— Не знаю. Крик донесся сверху, не от входа. Я как раз по телефону в коридоре разговаривала, Серафима Ивановна может подтвердить. Прям мурашки по коже, забыть не могу.
— Ты сразу выскочила в парадное?
— Ну нет. Серафиму Ивановну дождалась, пока та халат надела. Мои уже спали. Мы с ней вышли: все тихо, только…
— Ну, ну?
— Словно бы лязг… или стук, тихий-тихий. И еще как будто свет мелькнул.
— Свет?
— Не свет, а… — Алена задумалась в поисках слова. — Луч. Лунный луч… нет, не могу назвать. Тут соседи зашуршали, на лестницу повалили, Серафима Ивановна включила электричество.
— Ты узнала голос? — спросил Егор напряженно.

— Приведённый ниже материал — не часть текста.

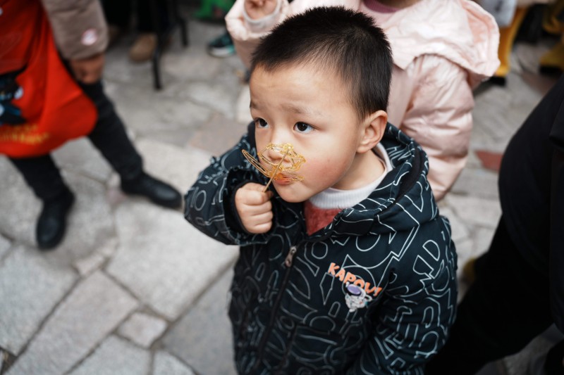 活动现场的文化氛围同样由多元力量共同营造。不仅有四川传媒学院志愿者带来的专业舞蹈,鸿盛花园小区的居民文艺骨干也自发献上了精彩的歌舞表演,充分展现了自组织、自展示的社区活力。在非遗糖画体验区,高校志愿者们不仅演示技艺,更亲切引导小朋友们亲手尝试,将传统文化的趣味种子播撒心间。

— Какой голос! Жуткий вопль, так человек не кричит. Егор, что-то должно случиться.
— Не каркай!
— Я побежала.
— Пока.
Он пошел по улице куда глаза глядят. Лунный луч. Красиво. Лунный луч. Лязг или стук. Что-то мягкое, летучее касается ноги… так человек не кричит. Она права. Господи боже мой, за что? Почему я был так слеп? Раньше, гораздо раньше, когда две школьницы сидели на лавке под сиренью, а я в упор не видел, проходя с кем-то… с кем? Неважно. Не было, Соня, у меня никаких женщин, никого не было, кроме тебя, потому что я никого не помню, кроме тебя. И никогда не смогу тебе об этом сказать. Никогда. Разве так может быть: никогда?..

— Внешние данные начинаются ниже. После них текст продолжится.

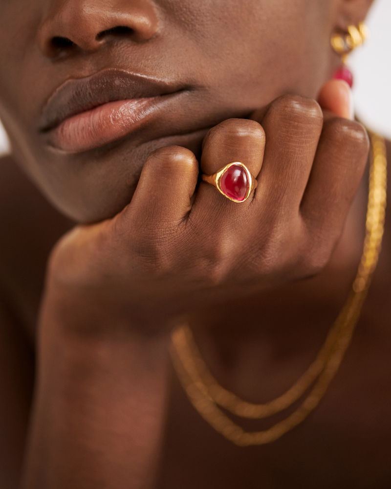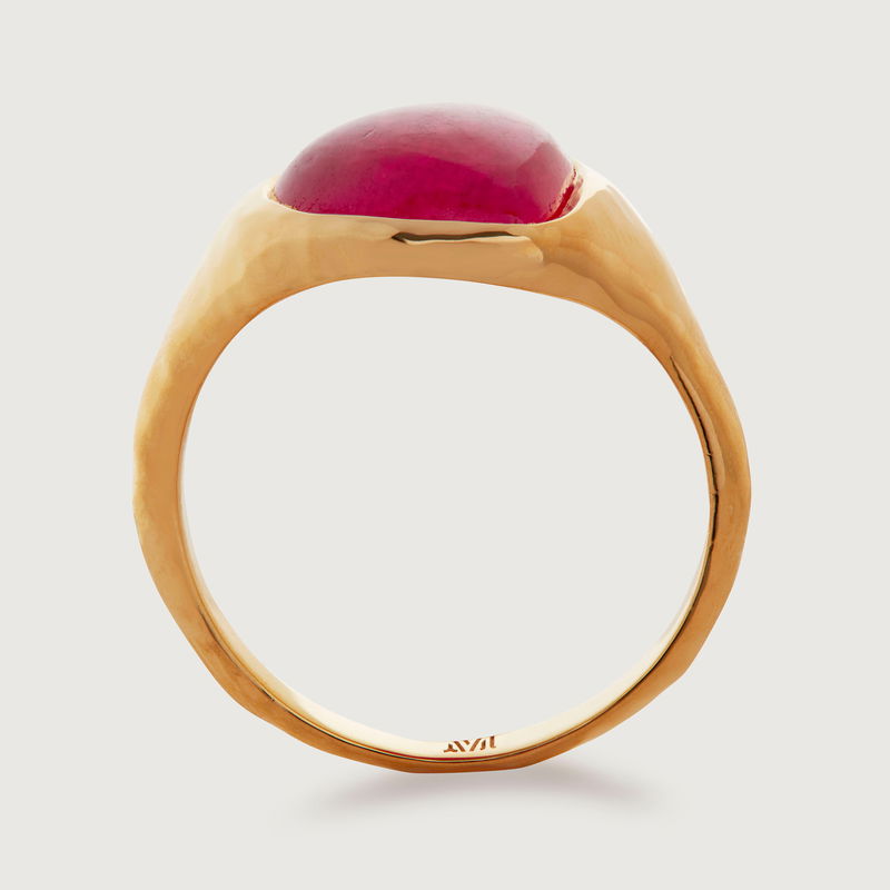 A rich pink quartz gemstone, hand-set in 100% recycled 18k gold vermeil in this bold, elegant ring. Wear alone or stack with other rings for a colourful statement.

Он опомнился уже в троллейбусе, далеко от Мыльного переулка. Куда меня несет? Безрадостный, бессолнечный день летел в окне, вяло висели листы лип, круглая клумба кровавых настурций влачила борьбу за существование в бензиновом чаду на маленькой площади, на которой троллейбусы делают круг. Однако и у меня застрял в памяти Серебряный бор, где я не бывал с детства… точнее, с отрочества, далекого, короткого (как бы не так!) отрочества. Все не то, все переменилось, асфальт, только сосны хороши по-прежнему, но меньше их стало, и весь-то бор, необозримый, казалось, таинственный, можно обойти за… Нет, таинственный — по-другому… — Егор углубился в переплетенье тропок, клочья тумана висели меж кустами. — Здесь избушка на курьих ножках (в их детстве ее не было), Сонина полянка, здесь где-то и «камень, под которым окровавленная одежда лежит». Конечно, камень Раскольникова неповторим, таких совпадений не бывает, но кровь есть кровь, ее нужно спрятать. Вместе с одеждой, чтобы из вещдока она в конце концов превратилась в землю, влагу, траву.

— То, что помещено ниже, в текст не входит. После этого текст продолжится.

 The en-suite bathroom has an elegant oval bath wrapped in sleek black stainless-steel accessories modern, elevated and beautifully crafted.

Он сел в траву, влажную от ночной грозы, пахнувшую сырой землей. Достал из-за ремня джинсов охотничий нож (чужеродный предмет, который вот уже почти сутки ощущал физически и, если можно так выразиться, метафизически, который мешал жить). «Зачем жить, если впереди нет ничего, кроме нечаянного — отчаянного! — удара и тоски? Как пишет Петр Васильевич: грустью и тленом веет от этой истории, но пока ничего криминального я в ней не вижу (а я вижу!), однако что-то нехорошее чувствую, недосказанность, странную поспешность, горячечность и ложь. Чудовищная ложь, в существование которой невозможно поверить, как не верим мы в вурдалаков-оборотней. Хватит дожидаться улик и доказательств, сейчас я приду к нему и подарю охотничий нож».
Однако Серафима Ивановна, на своем посту во дворе, сообщила, что действующие лица в этот вечер (неужели уже вечер?) перестали блюсти единство места, времени и действия. Старая дева на своем старом «Ундервуде» составила трогательную петицию в защиту старого особняка (коронная фраза: «Можете «сослать» нас на далекие окраины, мы согласны, но пощадите красоту, ведь ее так мало осталось!»), но выяснилось, что подписать челобитную некому: особняк был пуст, словно вымер.
— Я час всего и провозилась-то, — оправдывалась Серафима Ивановна.
— Ничего, будем надеяться. — утешал Егор рассеянно. — Я до утра глаз не сомкну.
— Кстати, Герман Петрович до утра читал «Дворянское гнездо». Не знаю, что он там вычитал, но только утром, когда я убираться пришла, с ним творилось что-то страшное.
— Что-что? — Егор встрепенулся в предчувствии нечаянного удара.
— Я даже подумала, что он в уме тронулся. Увидел меня и говорит: «Могила вскрывается!» Вот ужас-то! Небритый, в халате, совсем, совсем старик… Правда, взял себя в руки, поздоровался, но когда я сказала, что сегодня пятница, полы буду мыть, он заявил твердо и как будто нормально: «Благодарю вас, Серафима Ивановна, я в ваших услугах не нуждаюсь».
— Он так сказал? — пробормотал Егор ошеломленно.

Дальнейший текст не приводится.